This is a report about an own-motion investigation by the Integrity Commission (the Commission) into the policies, practices and procedures of Tasmanian public sector organisations in managing misconduct allegations. It is the first public sector wide survey of this nature. The survey has found areas of good practice, and those where improvements are needed to ensure that consistent, effective management of misconduct occurs.
Under section 3(3)(b) of the Integrity Commission Act 2009 (Tas), one of the ways in which the Commission is to achieve its principal objectives is by ‘assisting public authorities [to] deal with misconduct’. The aim of this investigation was to gain an understanding of the capacity of public sector organisations to deal with misconduct, so that effective resources and training could be developed to support improved standards.
To achieve this aim, the Commission chose to look at a cross-section of organisations in its jurisdiction. This included five state service agencies, five local government councils, and two other bodies. The organisations were selected so as to provide a representative snapshot across the state. The Commission is grateful for the active participation and cooperation of these organisations.

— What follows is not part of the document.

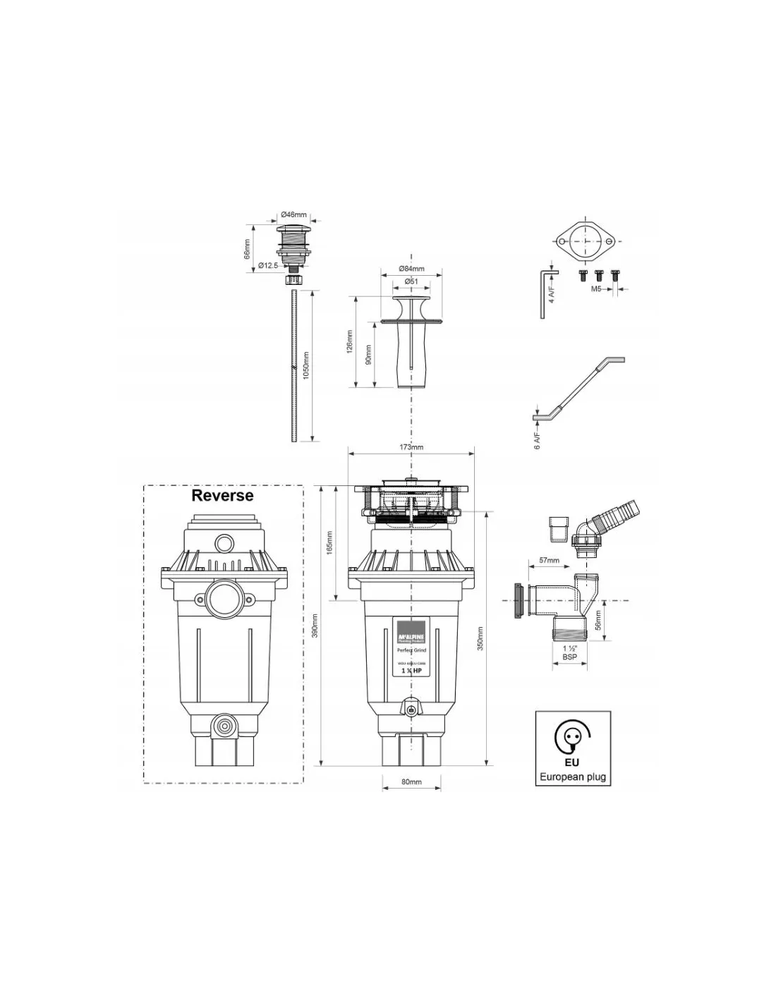 McALPINE ROZDRABNIACZ KUCHENNY młynek do odpadów Slim WDU-4ASEU-CARB
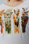 Curvy Trend Büyük Beden Overthink Baskılı Geniş V Yaka Kısa Kol Oval Yırtmaç Bluz - Image 1

The investigation involved:
- requiring each organisation to respond to a questionnaire about its policies and practices;
- reviewing their misconduct records over a one year period – each file was subject to a series of 78 survey questions (see Appendix A – Survey scope, objectives & criteria);
- conducting extensive research into good practice and case law across Australia; and
- producing good practice material for the use of all Tasmanian public sector organisations (see Appendix C – Model preliminary assessment process and Appendix D – Guide to managing misconduct in the Tasmanian public sector).
The Commission engaged with contact officers in each organisation at various stages of the investigation. This included meetings to discuss the investigation in the early stages, sending the survey questions out for comment, preliminary feedback meetings, and asking for feedback on the good practice material. The Commission also invited a number of other bodies to provide feedback on the good practice material.
The investigation has significantly enhanced the Commission’s understanding of how misconduct is handled in Tasmania. It provides an essential foundation for the Commission and the public sector to work on improvements.
The Commission has made three recommendations and five good practice suggestions as part of this investigation. Additionally, it has produced an extensive good practice guide, and will be undertaking associated training, to assist Tasmanian public sector organisations.